Understanding Left-Moving Supercells: Environmental Factors and Forecasting Challenges

TL;DR

This study analyzes environmental conditions and forecasting challenges of left-moving supercells in North America, providing a climatology and identifying key predictors of their strength and hail potential.

Contribution

It offers the first comprehensive climatology of LM supercells, highlighting environmental factors that differentiate their strength and hail production, filling a significant research gap.

Findings

LMs form in environments similar to right movers but with specific differences.

Lapse rates, CAPE, and LCL height are key predictors of LM strength and hail potential.

Longer-lived LMs have weaker CAPE and stronger shear.

Abstract

Left-moving (LM) supercells, characterized by anticyclonically rotating updrafts in the Northern Hemisphere, are significant due to their propensity to produce large hail.
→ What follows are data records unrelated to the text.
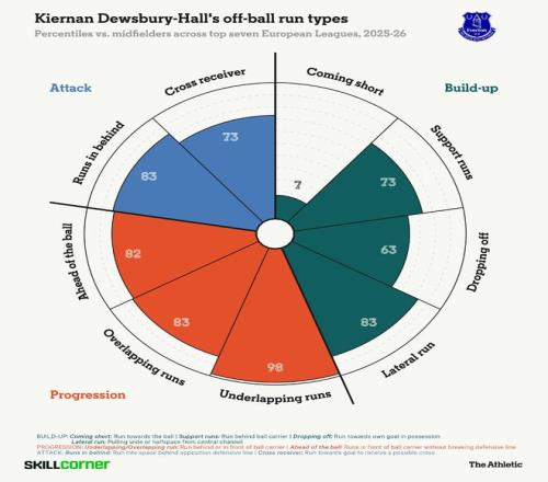 但現(xiàn)在情況不同了。最近幾周,迪尤斯伯里-霍爾一直踢他偏愛的8號位,這也是他在萊斯特城磨練技藝的位置。這個(gè)位置調(diào)整給了他更多的防守責(zé)任,但也幫助了埃弗頓的組織推進(jìn)。盡管起初有人擔(dān)心球隊(duì)中場會(huì)因此失去一些身體對抗性,但他提供了充沛的能量和拼搶。迪尤斯伯里-霍爾是本賽季英超僅有的兩位能創(chuàng)造20次以上機(jī)會(huì)、完成25次以上搶斷、贏得50次球權(quán)并贏得75次對抗的中場球員之一。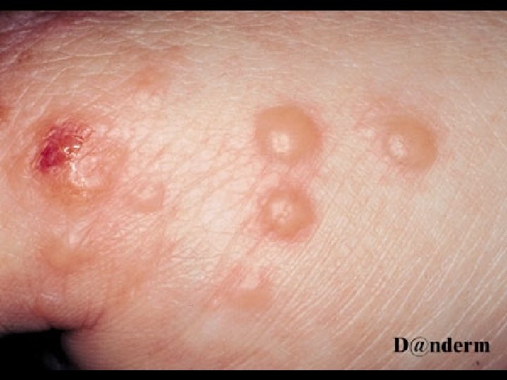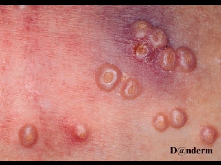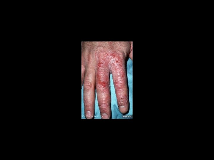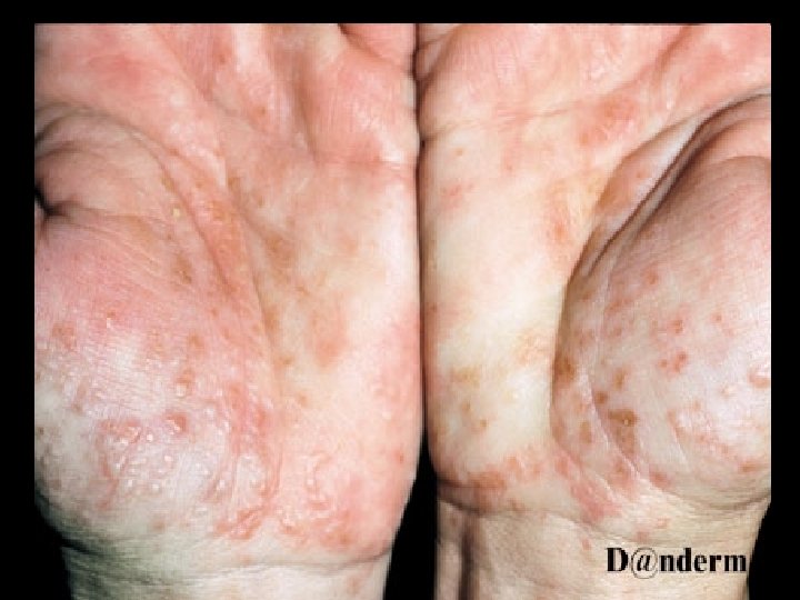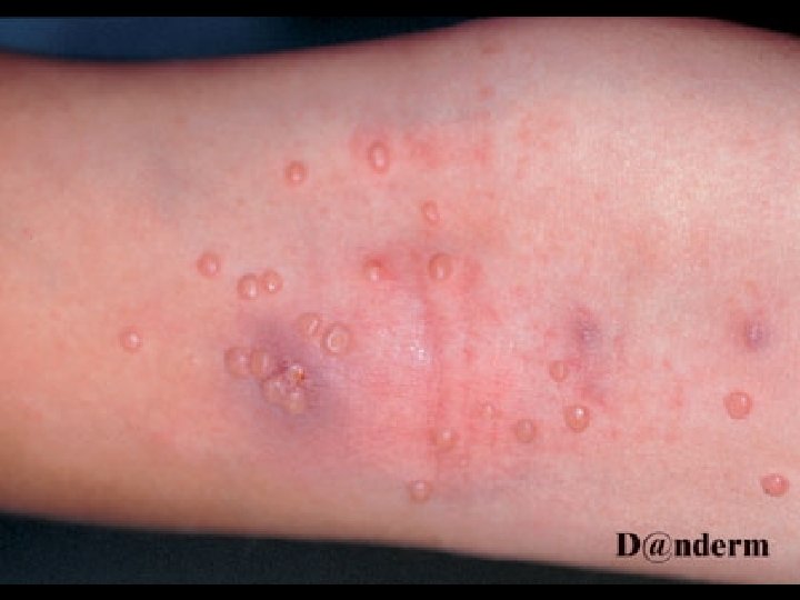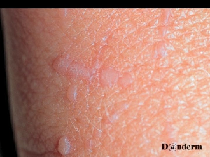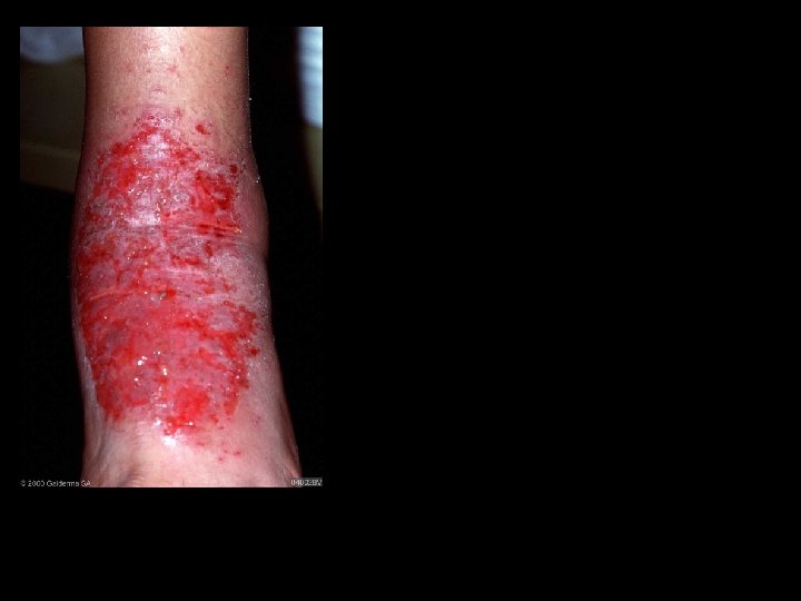 Acute eczema • Acute: pruritus, erythema, vesiculation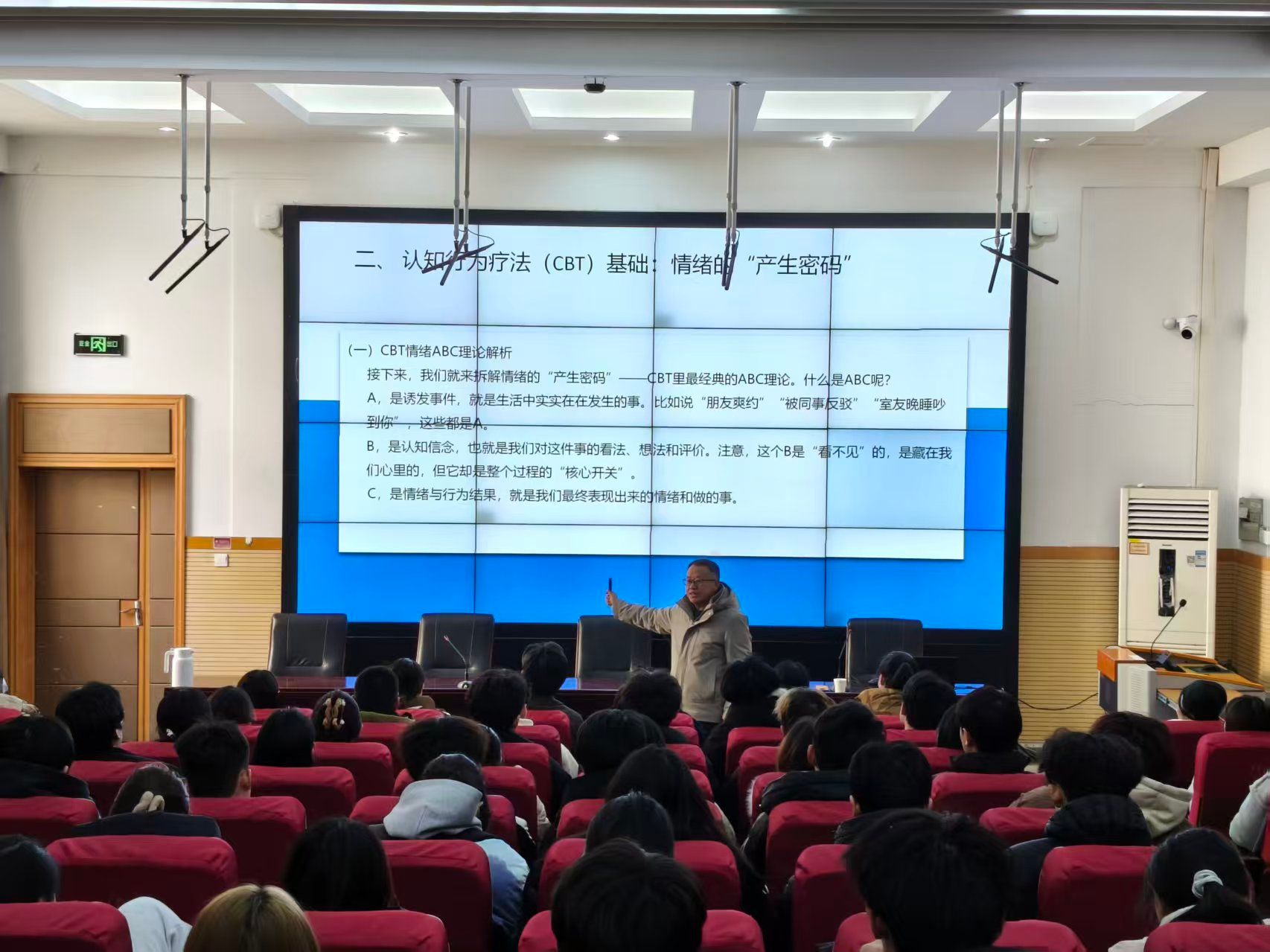 讲座中,杨伯箫教授以生动鲜活的案例为切入点,深刻剖析了情绪与人际关系的内在关联,指出情绪管理能力直接影响人际关系。针对高职学生的群体特点,专家系统讲解了认知行为疗法(CBT)的“情绪挑战四步法”和“情绪ABC理论”,通过现场互动问答、情景模拟等形式,引导学生学会精准感知自身情绪状态,掌握科学的情绪调节策略。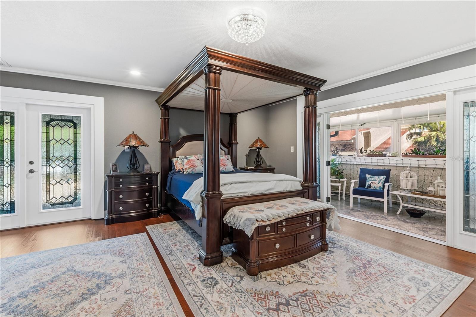 This dynamically unique home in Winter Haven offers waterfront living, with direct access to the renowned Chain of Lakes. Ideally situated on Lake Cannon, the property delivers stunning water views and a peaceful setting that’s hard to match. Located within a gated, low-maintenance community, this home allows you to enjoy all the perks of ownership without the added upkeep. The community pool and hot tub sits just steps away—offering the feel of a personal pool without the responsibility. Residents also enjoy access to a community dock with first-come, first-served boat slips, making it easy to embrace the lake lifestyle. The property itself features an extended lot, a fenced yard, and a beautiful pergola—perfect for relaxing, entertaining, or enjoying the serene lakefront setting. The garage is equipped with a 2021 split-unit AC system, creating a versatile space ideal for a workshop, gym, or even additional living area. For added peace of mind, the home includes a gas-powered generator that automatically kicks on when needed. Inside, the home is nothing short of impressive—boasting soaring cathedral ceilings, expansive balconies with breathtaking views, and a layout that is both majestic and thoughtfully designed. The primary suite is a true retreat, featuring a private balcony, dual vanities, and a luxurious soaking tub designed for relaxation. Additional office and bonus spaces offers flexibility and can easily be converted into extra bedrooms to fit your needs. Updates include two AC units installed in 2017, along with a durable metal roof added in 2021 and the roof tiles were sealed and coated for an extra long life. Whether you’re looking for a full-time residence, a seasonal getaway, or a place to gather with family and friends, this home delivers a warm, inviting atmosphere with unique architectural character throughout. Enjoy peaceful mornings overlooking the lake, afternoons gardening in your yard, or evenings unwinding on the balcony while taking in the surrounding wildlife. Conveniently located near shopping, grocery stores, and Home Depot, this is more than just a home—it’s a lifestyle. A property like this must be seen in person to truly appreciate the grandeur and exceptional living experience it offers.

Although less common than right-moving supercells, they present notable forecasting challenges and societal impacts. However, despite these impacts, the environments of LM supercells are poorly understood compared to their right-moving counterparts. To address this gap, this research focuses on enhancing the understanding of LM supercells by examining the environmental conditions conducive to their development. A manually compiled and quality-controlled dataset of over 850 LM supercell cases across North America is used to provide a robust sample. Near-storm environments are characterized through the use of RAP/RUC inflow proximity sounding profiles. Leveraging storm properties, including mesoanticyclone strength, hail size, wind speed, and duration, we investigate whether environments can differentiate between these varying strengths and categories, thereby enhancing forecaster awareness. Results show that LMs typically form in environments supportive of right movers, with a key difference being that LMs likely only realize the shape of the hodograph above their LCLs. Lapse rates, CAPE, and LCL height are the best predictors of LM strength and hail potential. LMs with wind reports have drier boundary layer moisture, steeper 0--3 km lapse rates, larger CAPE, and higher LCL heights, leading to increased evaporational cooling. Longer-lived LMs often have weaker CAPE and stronger shear as compared to shorter-lived LMs. These results establish a unique parameter space climatology of LM supercells, thus providing essential forecasting insight and reducing the research gap for these storms.